Archive for 2011

Amy's Curds Get in Her Whey

Girl: Do you smell something weird?
Friend: Yeah… I'm totally cottage- cheesing down south. Sorry, I'll spray some perfume.

–Hudson Hotel


One-upmanship Is My Anti-Drug

Panhandler: It took me 15 years to kick up the crack habit
Lady: Dang! It took you 15 years, it only to me 7.

–Uptown 3 Train


White Girls Dig the Disrespect

Thug to white woman on the street: Ashley! Yo Ashley!
Thug friend: You know her?
Thug: Man, they all named Ashley.

–145th St & Broadway


Isn't That Always the Way?

College student #1: I guess he's attractive.
College student #2: He's really hot. (pause) Too bad he's gay.
College student #1: He didn't used to be like that.
College student #2: He didn't?
College student #1: No, it started when he went to France.

–Barnard Elevator

Overheard by: France Will Do That To You


Your Editors Nodded Off Just Reading the Explanation

Asian girlfriend, walking down the street: You know those people from the anime Kekkaishi? I wonder how they could use their powers in the real world.
African-American boyfriend, holding her hand: I know… Border patrol.
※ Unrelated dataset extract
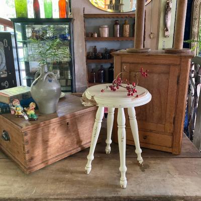 ペイントが時間を経て自然に剥がれシャビーシックな美しさを放つフラワースタンドが届きました【44-002】フランス製。推定1940年代。約39㎝高さは、花台以外にも低めのサイドテーブルとしても活躍しそうです。古き良きエレガンスの持つ独特の風合いは訪れる人の目を引き付けることでしょう。風合いを残すため軽く拭き上げるのみ行いました。福岡市南区の店舗にてお渡しもできますのでお気軽にどうぞ!

Ketsu, ketsu, ketsu! No way, Josés, are you getting over! Then they'll shrink them and send them back to Mexico city.

–Park Slope


The Hard Part Is Pretending to Listen

Guy #1: Oh, I'm not really up for a relationship. I mean… Being in a relationship means talking to the same person every single day.
Guy #2: Yeah…

–42nd St

Overheard by: Lana


The Ad Captain Morgan Doesn't Want You to See

Hobo, slurring slightly: Ladies and gentlemen. Sorry to bother you but I'm homeless and hungry. Please, if you can help me with some money for food. God bless you and your families.
Woman: You want a sip of rum?
Homeless man: Huh?
Woman: A sip of rum. That's all I've got. (unscrews the cap of the bottle in a brown bag)
Hobo, taking sip and smacking lips: Aaaaahhhhh…

–D Train


Kiss a MILF's Stretch Marks, and She's Yours

Ex frat boy #1: Yeah, older women can be hot.
Ex frat boy #2: Seriously, man. Women around 30 are the best. That's when they start getting boob jobs and shit.